→ Exercise requirements: Exact transcription begins at the first line of the material below and ends with the line holding "Flagman Twin Pack"; pictures are skipped.

→ Data section:
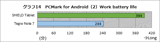 グラフ14は,いま述べたテスト条件におけるSHIELD TabletとTegra Note 7のバッテリー駆動時間を比較したものだ。SHIELD Tabletは6時間34分,Tegra Note 7は2時間4分なので,バッテリー駆動時間は1.6倍に伸びている計算になる。
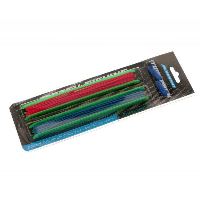 Flagman Twin Pack — набор из резины Flagman Deluxe Fluo Pole Elastic двух разных диаметров и двух коннекторов. Амортизатор из яркого флуоресцентного латекса используется для оснастки штекера. Благодаря гладкой поверхности и силиконовому покрытию амортизатор прекрасно скользит внутри кита. Коннекторы выполнены из прочного, цельнолитого пластика, благодаря чему обеспечивается надежная фиксация. Набор поставляется в блистерной упаковке. Длина амортизатора — 5 м.
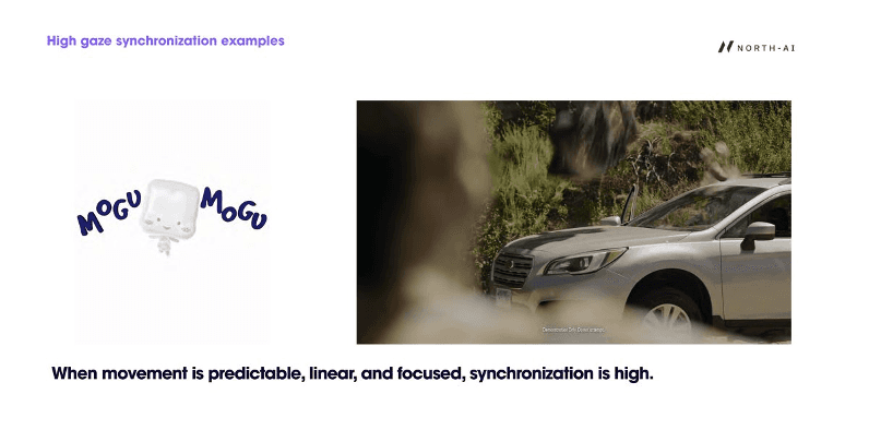 High synchronisation occurred when visual movement was predictable, linear, and focused. Content with a clear singular moving element — a product, a character in motion, a single focal point — produced the strongest gaze alignment across all viewers.

→ Final answer:
 グラフ14は,いま述べたテスト条件におけるSHIELD TabletとTegra Note 7のバッテリー駆動時間を比較したものだ。SHIELD Tabletは6時間34分,Tegra Note 7は2時間4分なので,バッテリー駆動時間は1.6倍に伸びている計算になる。
 Flagman Twin Pack — набор из резины Flagman Deluxe Fluo Pole Elastic двух разных диаметров и двух коннекторов. Амортизатор из яркого флуоресцентного латекса используется для оснастки штекера. Благодаря гладкой поверхности и силиконовому покрытию амортизатор прекрасно скользит внутри кита. Коннекторы выполнены из прочного, цельнолитого пластика, благодаря чему обеспечивается надежная фиксация. Набор поставляется в блистерной упаковке. Длина амортизатора — 5 м.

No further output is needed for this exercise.